Fighting against social bots: The issue of identification
Dmitrii Pianov
05/02/2018
What is social bot?
- An algorithm that interacts with human users on social platforms.
- Can be benign or malicious.
- Malicious bots are used for variety of applications, including spam, manipulation of public discourse, promotion of people and ideas, etc.
- Most of the malicious social bots hide their identity to avoid being detected.
Rise of social bots
- Prevalence of social networks creates an opportunity for adversarial agents to obtain benefit by overflowing social networks with bots.
- Breakthrough in computational power and NLP allows bot owners to avoid being detected by traditional heuristics.
- There is a curious case of Cynk Technology - a company with no turnover or assets thar risen in value to $4.5 bil. overnight.
Why bother aka Research Question
- Leaving commercial issues aside, bot identification helps to avoid information manipulation and keep society healthy.
- Bots are constantly evolving and so must our detecting capabilities.
- Social bot detection is a good example why learning, rather than fitting, is an ultimate objective of machine learning.
Previous Research
- Early research on bot detection mostly operated on domain knowledge and heuristical measures (Chu et al (2012)).
- Recent studies use traditional supervised and unsupervised techniques to classify the accounts (Stukal et al (2017), Kudugunta and Ferrara (2018), Chavoshi (2016)).
- Both textual and metadata are used as features.
- There are no consensus which one is more important.
Roadmap
- I propose a theoretical model to show that the bot network is sustainable.
- I use character Bi-GRU RNN to extract features from tweet text.
- Using a labeled dataset, I build a model to classify the origin of tweets using both textual features and metadata.
Theoretical Model Results
- Bot owners decide on creation of new bots and investment in sophistication.
- Sophistication affects the survival rate of old bots.
- No investment in sophistication occurs if the cost of creating new bots is low.
- Bot model is sustainable if and only if there is an increasing benefit of bots with longer lifetime.
Estimation
- I use the data from Creci et al (2017) that has more than 8 million tweets from variety of human and bot accounts.

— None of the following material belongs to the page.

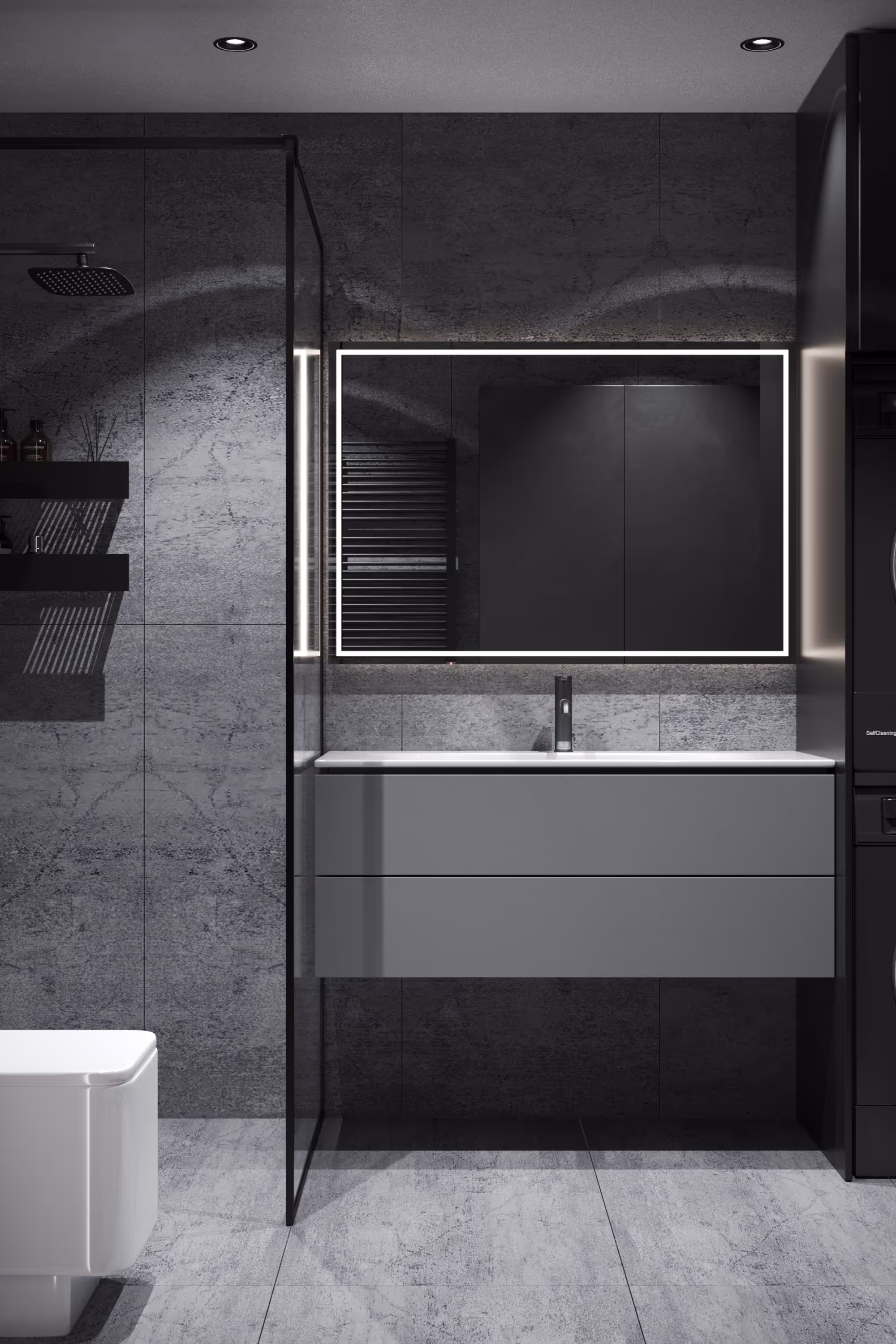 Ключевую роль в интерьере играет мебель, спроектированная на заказ. Я продумал все элементы с учётом личных предпочтений заказчика: мебель выполнена в тёмной цветовой гамме, сочетающей графитовые и матовые текстуры. Вместительные системы хранения созданы так, чтобы они гармонично вписывались в общую концепцию, не загромождая пространство.

- Each entry consists of tweet text and metadata (number of mentions, replies, hashtags, etc.).
- I sample 60000 tweets (30000 of human users, 30000 of one type of bots).
- The tweet text is then fed into Bi-GRU RNN to produce 500-dimensional vector that encodes the characters within the tweet.
- For classification, I use cross-validated traditional SVM with embedding vector plus metadata as a input vector.
- 2 and 4 PCA also estimated for robustness check.
Results
|
Precision |
Recall |
F1-score |
support |
| Bot |
0.85 |
0.88 |
0.87 |
5902 |
| Human |
0.87 |
0.85 |
0.86 |
5959 |
| avg/total |
0.86 |
0.86 |
0.86 |
11861 |
Results cont.
|
Precision |
Recall |
F1-score |
support |
| Bot |
0.62 |
0.92 |
0.74 |
4891 |
| Human |
0.85 |
0.46 |
0.60 |
5044 |
| avg/total |
0.74 |
0.69 |
0.67 |
9915 |
Summary
- A model shows 87% accuracy within the same domain of data.
- PCA deteriorate the prediction to 50-55% accuracy which suggest no combination of features dominate the prediction importance.
- Sampling bots from other domain substantially decrease the prediction rate to 68%.